• [ASSIGNMENT]:
Please retype the entries below exactly, only from their first line through the line containing "d. Select English", leaving every picture out.

• [SUPPLIED DATA]:

■ ■ ■

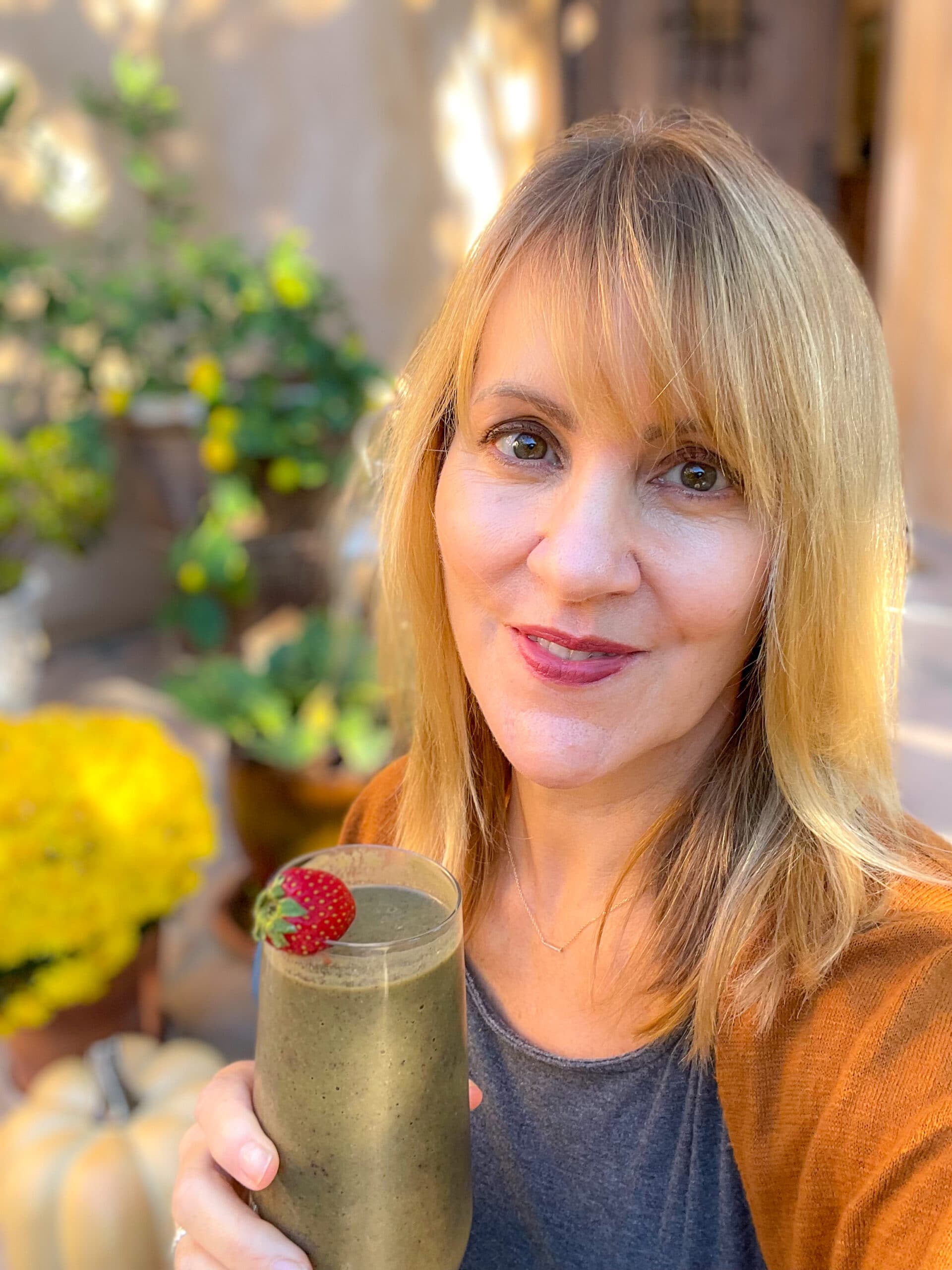 Sipping my daily antioxidant smoothie at home. Watch me make this recipe in my Instagram video here.
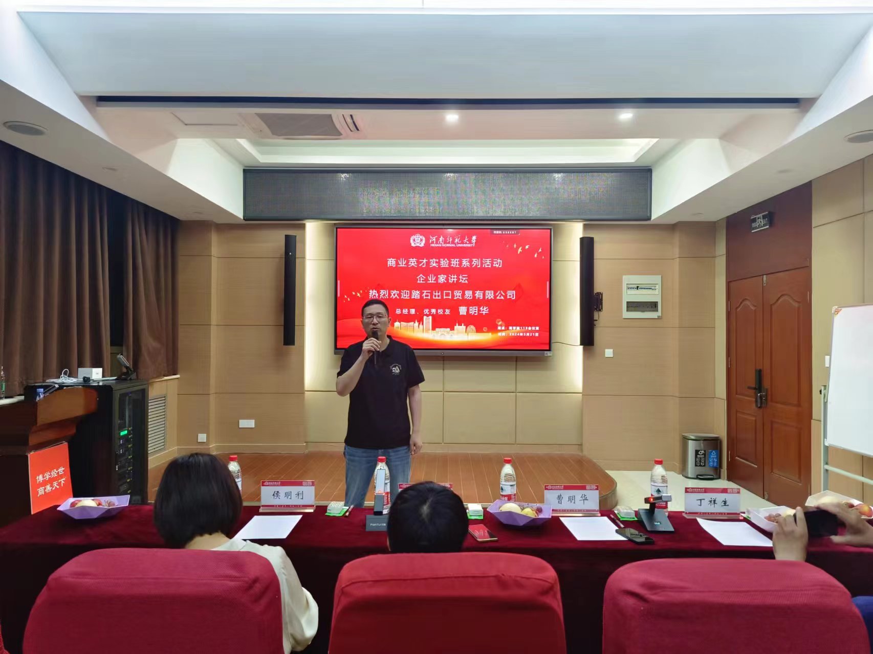 为进一步深化产教融合,帮助同学们深入认识专业知识和社会职场,5月21日晚,商学院于学院119报告厅召开就业前景与专业深造企业家讲谈会。本次会议由国际经济与贸易教研室主任侯明利主持,由踏石出口贸易有限公司总经理曹明华担任主讲,2022级部分学生代表参加。
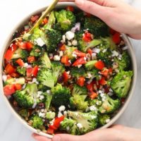 This broccoli salad can seriously be prepped and made from start to finish in 15 minutes! Whether you are looking for a healthy broccoli salad for dinner or a bbq side dish for your all the summer picnics or a potluck, this broccoli salad is your recipe.
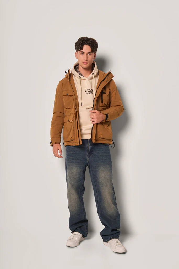 Giubbotto da uomo realizzato in tessuto tecnico antivento, ideale per la stagione fredda. Presenta una linea moderna con cappuccio regolabile, tasche frontali con patta e zip e chiusura con zip e bottoni a pressione.
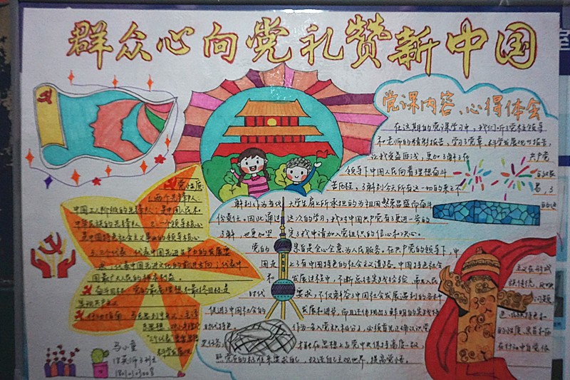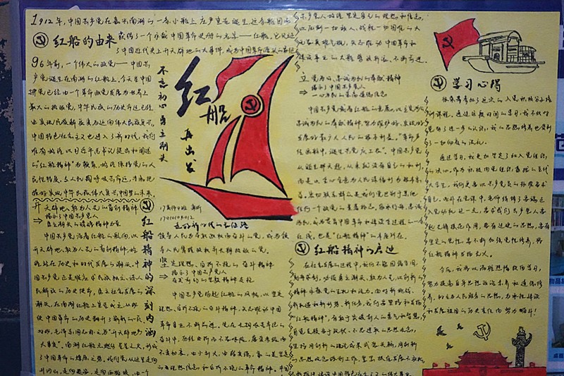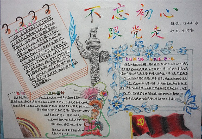 活动中,英文学子通过了解中国历史,将所思所悟所得绘制成手抄报的形式展出。色彩斑斓,排版清晰的手抄报中,凝聚的是同学们对“不忘初心”、“榜样力量”、“红船精神”等主题的认识与感悟,是对新时代国家政治的关注与思考,凸显着他们投身新时代建设的决心。
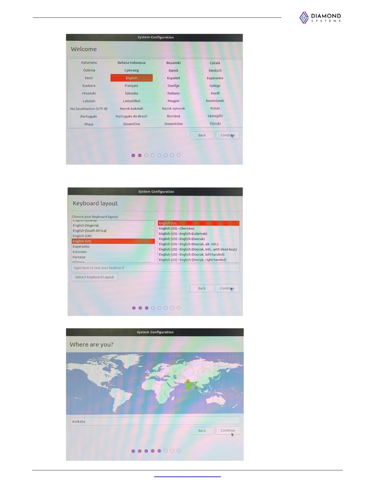 d. Select English (US) for Keyboard layout and click on continue.
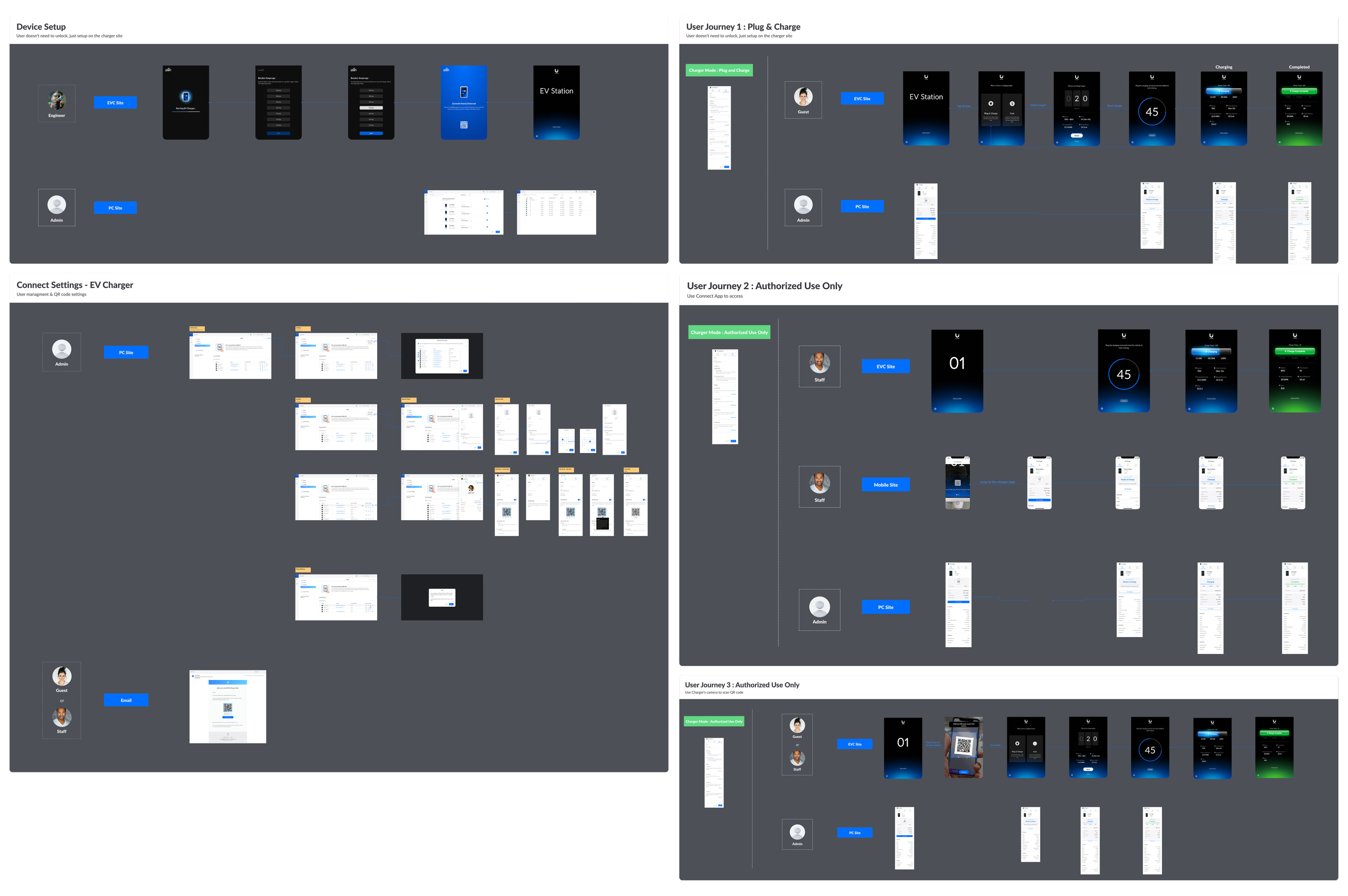 The design evolved through real hardware testing, internal feedback loops, and iterative refinement based on user insights. The result is a fully integrated solution that spans the charger’s UI, mobile apps, and web management tools.
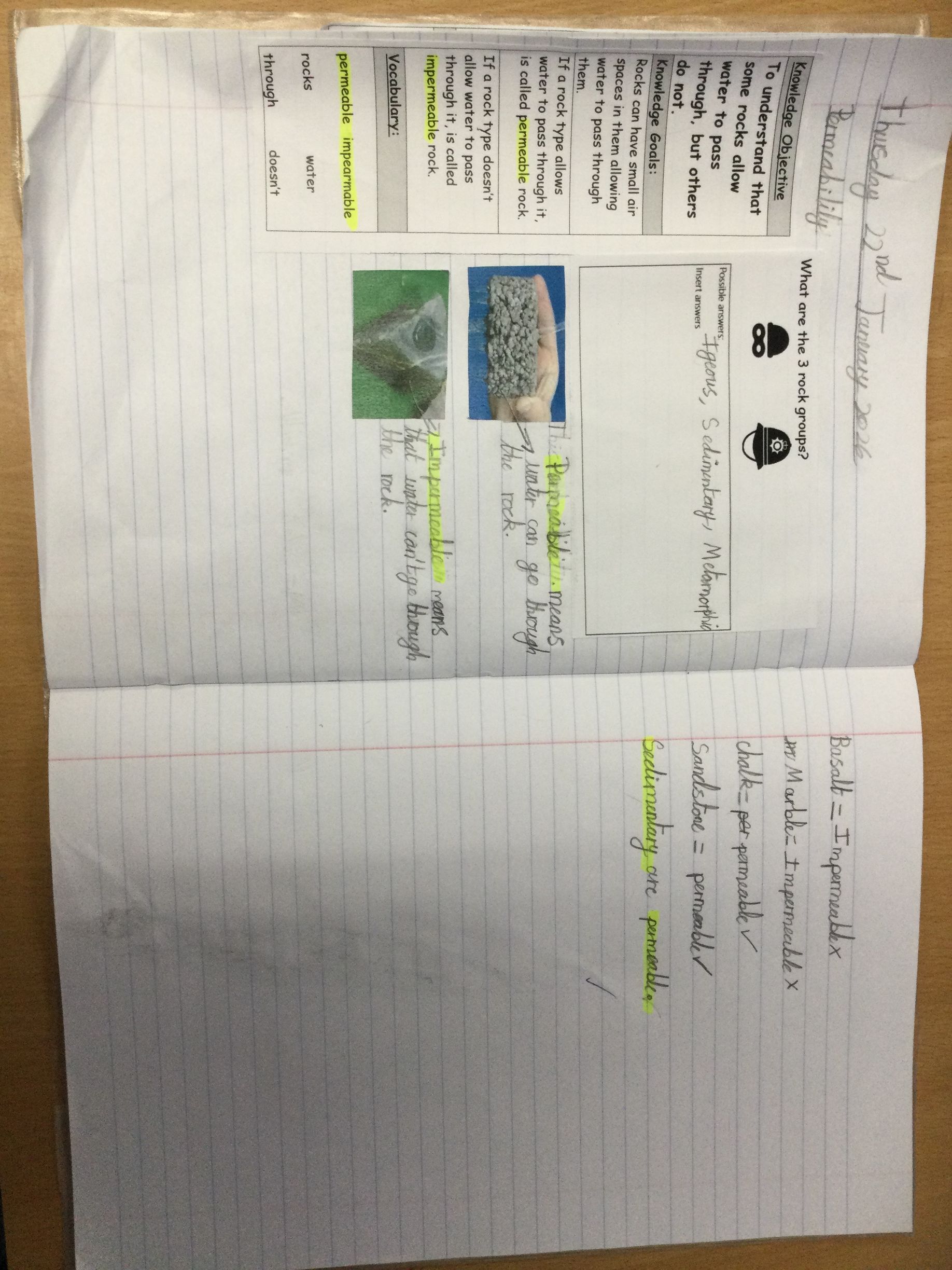 In Science, we have been investigating rocks. We tested which rocks are permeable and impermeable ð§â. We discovered that sedimentary rocks are all permeable, which was very interesting!
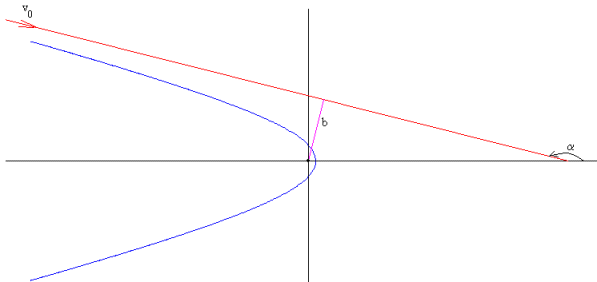 Supongamos que un asteroide de masa m se aproxima a un planeta de masa M con velocidad v0 en el infinito siguiendo una dirección (recta de color rojo) que dista b del centro del planeta tal como se muestra en la figura. A medida que el asteroide se acerca al planeta, va cambiando su velocidad tanto en módulo como en dirección (en color azul), hasta que se aleja hacia el infinito siguiendo una dirección simétrica respecto del eje X, que es la asíntota de la otra rama de la hipérbola.

■ ■ ■

• [OUTPUT FOR THIS TASK]:
 Sipping my daily antioxidant smoothie at home. Watch me make this recipe in my Instagram video here.
 为进一步深化产教融合,帮助同学们深入认识专业知识和社会职场,5月21日晚,商学院于学院119报告厅召开就业前景与专业深造企业家讲谈会。本次会议由国际经济与贸易教研室主任侯明利主持,由踏石出口贸易有限公司总经理曹明华担任主讲,2022级部分学生代表参加。
 This broccoli salad can seriously be prepped and made from start to finish in 15 minutes! Whether you are looking for a healthy broccoli salad for dinner or a bbq side dish for your all the summer picnics or a potluck, this broccoli salad is your recipe.
 Giubbotto da uomo realizzato in tessuto tecnico antivento, ideale per la stagione fredda. Presenta una linea moderna con cappuccio regolabile, tasche frontali con patta e zip e chiusura con zip e bottoni a pressione.
 活动中,英文学子通过了解中国历史,将所思所悟所得绘制成手抄报的形式展出。色彩斑斓,排版清晰的手抄报中,凝聚的是同学们对“不忘初心”、“榜样力量”、“红船精神”等主题的认识与感悟,是对新时代国家政治的关注与思考,凸显着他们投身新时代建设的决心。
 d. Select English (US) for Keyboard layout and click on continue.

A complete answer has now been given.